Dextromethorphan reduces some aspects of FM pain

Janis Kelly

June 08, 2005

June 8, 2005

Gainesville, FL - Temporal summation of repeated pain stimuli, also known as "windup" pain, is mediated by N-methyl-D-aspartate (NMDA) receptors, and this pathway has long been suspected of contributing to the abnormal pain responses seen in some fibromyalgia (FM) patients. Dr Roland Staud (University of Florida, Gainesville) reports in the May 2005 issue of the Journal of Pain that at least one aspect of NMDA function remains normal in FM patients: the receptors can be blocked by the centrally acting NMDA-receptor antagonist dextromethorphan, a compound commonly used in over-the-counter cough remedies [ 1 ].

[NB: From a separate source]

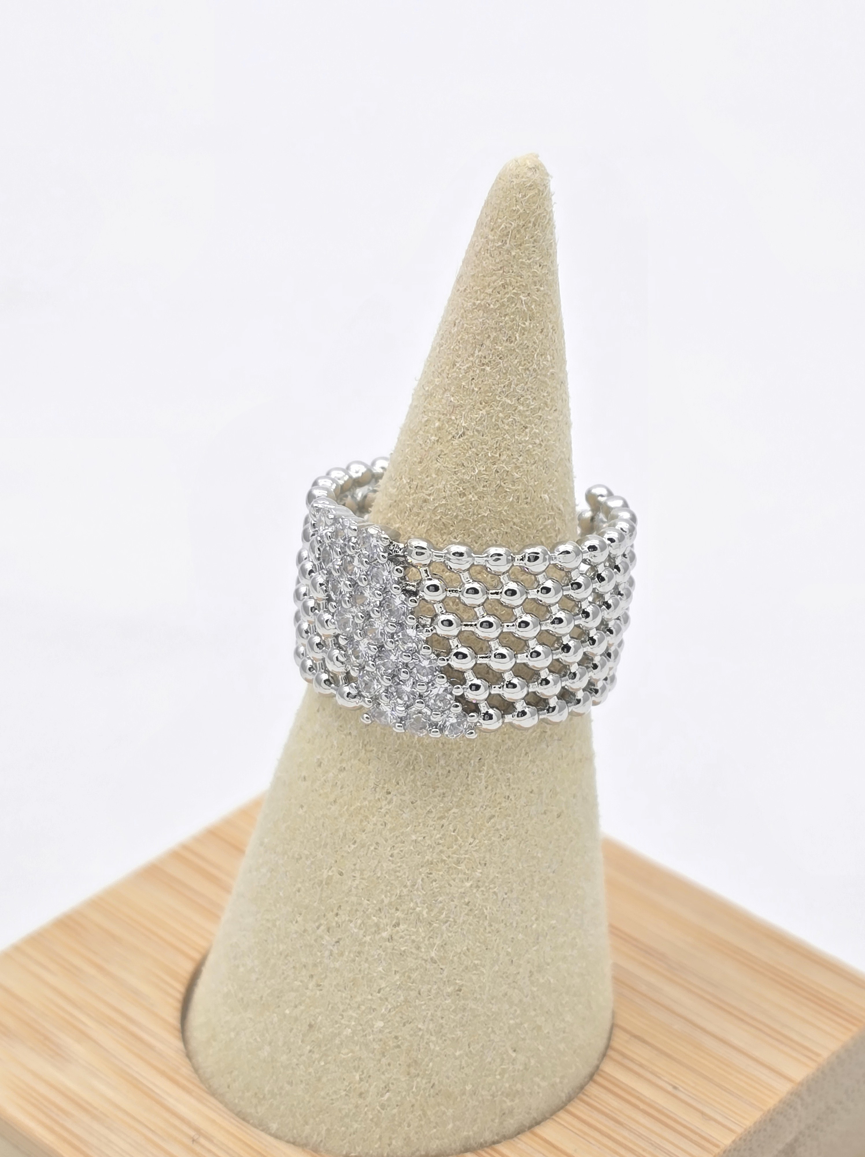 Размер кольца регулируется, ширина 1,3 см.

"Our results provide evidence that dextromethorphan could be clinically effective for FM, particularly in combination with other agents that act peripherally to reduce sensitization of nociceptors," Staud writes.

Preventing "windup" pain

Dextromethorphan could be clinically effective for FM, particularly in combination with other agents that act peripherally to reduce sensitization of nociceptors.

Dextromethorphan reduces coughing by elevating the threshold for the NMDA-mediated cough reflex. Staud suggests that the drug be explored as a treatment for fibromyalgia because it also reduces certain aspects of FM pain.

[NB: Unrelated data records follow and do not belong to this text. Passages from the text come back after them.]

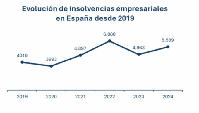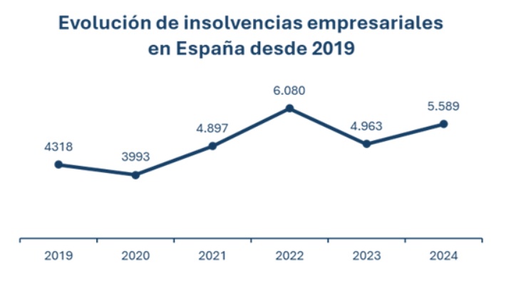 Con el foco en el último año, el análisis observa un incremento en concursos de acreedores en empresas del 12,6% respecto a 2023, con 5.589 insolvencias empresariales.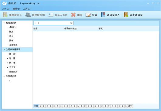 选择“私有通讯录”或“公共通讯录”,点击“新建联系组”打开新建分组界面,我司邮箱帐号可同步Web端共享通讯录。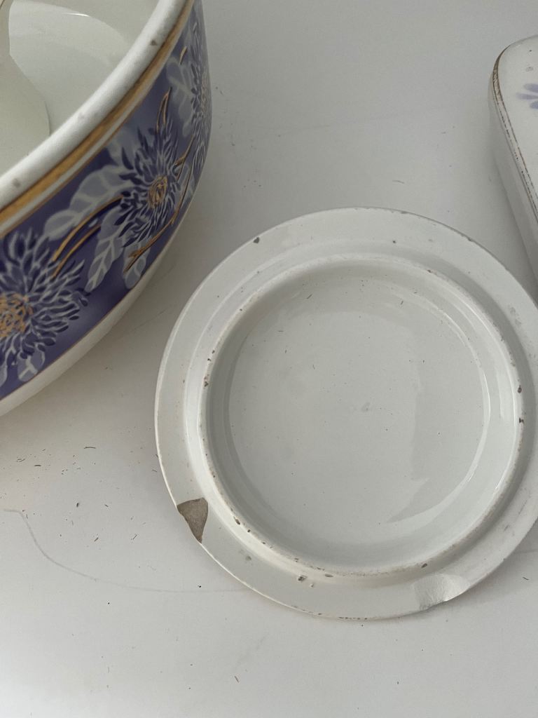 All in excellent condition, old chip on inner lid soap dish which is not visible on display.

"I think it's one piece of the mosaic," Staud says. "We currently have no single therapy in chronic pain that has a big effect. So what this really means for chronic pain patients is that they need to use a whole host of different interventions to decrease the pain they have. And in this, dextromethorphan may have a role in the future."

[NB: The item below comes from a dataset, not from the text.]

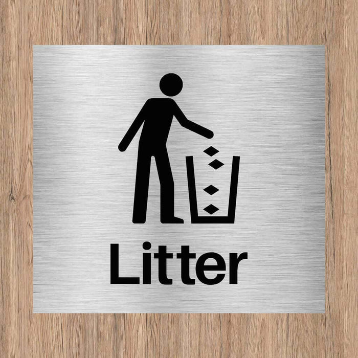 Introducing our Litter Brushed Silver Door Sign, a stylish addition to our extensive range of door signs and room signs. This sign is expertly manufactured by the Sign Shed in Britain using 3mm brushed silver composite aluminium, ensuring durability and a sleek appearance.

Staud tested the effects of dextromethorphan on windup pain in two studies. The first measured the effect of dextromethorphan vs placebo in 10 normal female and 10 normal male subjects. The second tested the effect of dextromethorphan vs placebo on windup pain in 10 female normal controls and 14 female FM patients.

Thermal windup pain was produced by computer-controlled heat stimulation of the skin. Mechanical windup pain was tested by repetitive mechanical stimulation of the adductor pollicis muscle of either hand.

Patients were given capsules containing 0, 60, or 90 mg of dextromethorphan 1.5 hours before testing.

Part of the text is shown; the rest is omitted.